Under the contractual conditions, the architects cannot disclose the location of the complex; let’s just say for the time being that it is business class apartments. The land site is quite an obliging one, located in the middle of a large city. Next to it, there is a lake, whose waterfront has recently begun to get landscaped. The mirror surface of the water impartially reflects the historical buildings, the Soviet-time construction, and the modern ones too.

The architects wanted to create a nice and quiet place with cozy little yards and a green garden, at the same time endowing it with an identity easily recognizable by its clear-cut silhouette, making it a landmark of the circumferential waterfront, and keeping a feel of an accessible and friendly public place. In the course of work, the architects understood a few important things.

An architect must be an actor and a psychologist. The architect’s first task is to understand his client. And he must do that not so much by asking direct questions, as intuitively, through creating a rapport with the client, replacing his self-evident politeness with genuine interest. And, in order to do that, he must learn how to live through someone else’s experience, very much like an actor who acts in accordance with the Stanislavsky system, which, it must be said, is quite a challenge for yesterday’s college students who are now designing a high-end housing project. However, the architects define this ability as the most important one, even more important than then conventional drawing skills.

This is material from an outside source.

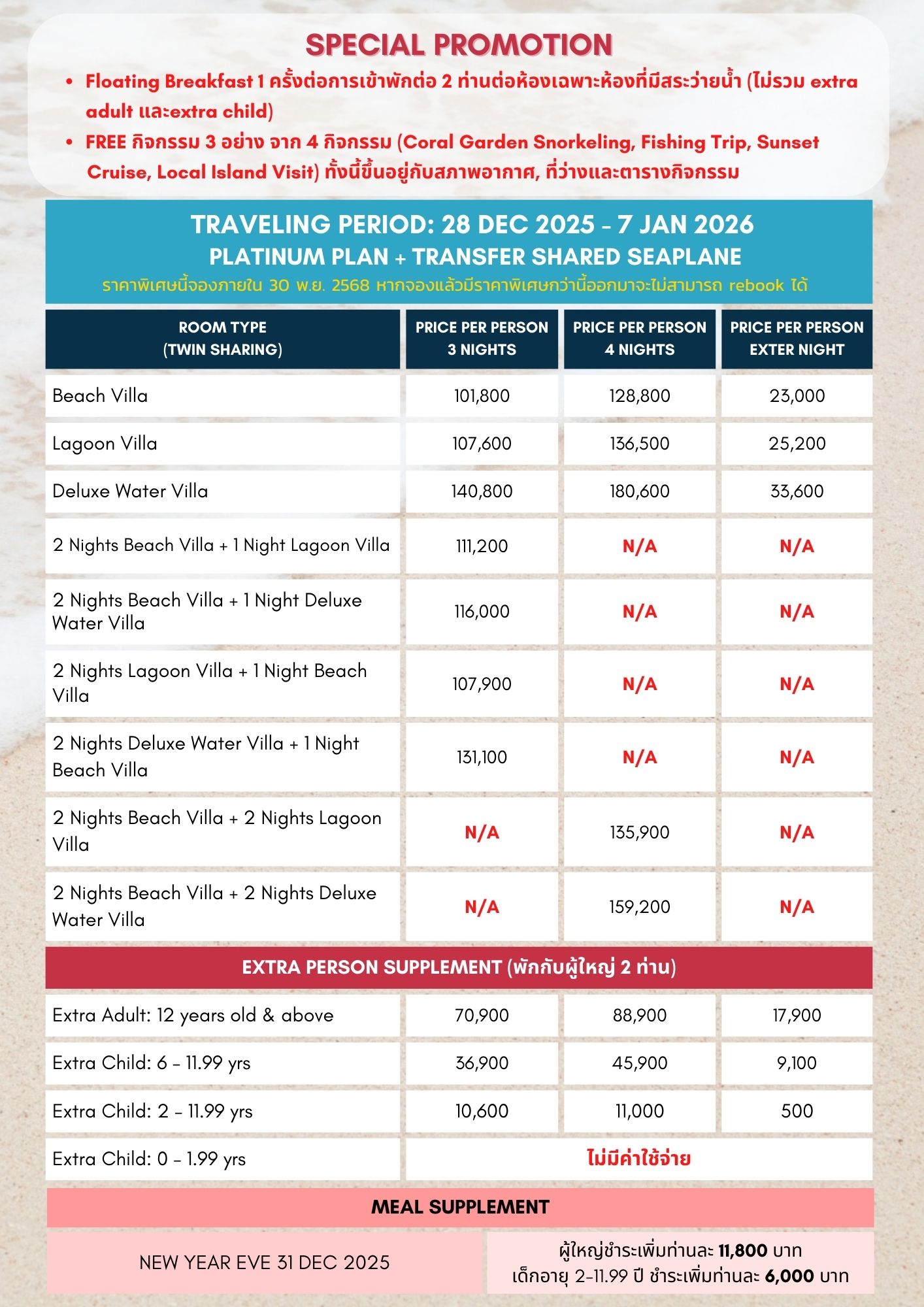 - FREE กิจกรรม 3 อย่าง จาก 4 กิจกรรม (Coral Garden Snorkeling, Fishing Trip, Sunset Cruise, Local Island Visit) ทั้งนี้ขึ้นอยู่กับสภาพอากาศ, ที่ว่างและตารางกิจกรรม

Yegor also believes that an architect must be a bit of a psychologist because it is his job to help the client form the bullet points, the imagery, and the character of the project. These bullet points are also affected by the context: the culture, the nature, and the national peculiarities. “We live surrounded by interrelationships between people. Therefore, it is important to make sure that you don’t search for the solution for the sake of solution, don’t come up with a design option for the sake of design option, but find something that looks interesting to yourself; something that reflects our common interests”.

Quiet Harbor
Copyright: OSAArchitects. Yegor Obvincev


The best strategy is to go with your feelings. Instead of studying similar projects, it is much better to muster your courage and go with your sensual perception, understanding the uniqueness of your location and the culture that’s stands behind it. Then you capitalize on the emotion that will inevitably appear, turning it into the basis of your project concept. Not just “develop the façade solutions” but think in images and keep up the rapport. Vladislav also notes that if you enjoy the design process, it’s a sure sign of the right path that you have found; the emotional approach really improves your quality of work, and life, for that matter. 

Quiet Harbor
Copyright: OSAArchitects. Yegor Obvincev


I formulate, therefore I am. The architects confess that the freedom of action that they got, started them thinking: what things do people really need? What is right for them? What is the truth? And they decided to “design it as if they were designing for themselves” or “design as if it was their last day on Earth”: what will become my last statement? What will I be remembered for? Such an approach significantly increases your odds of coming up with a sturdy and robust solution that is not just about proportional objects arranged more or less successfully in space, but about creating an environment and a lifestyle, which is far more important than the façade grid.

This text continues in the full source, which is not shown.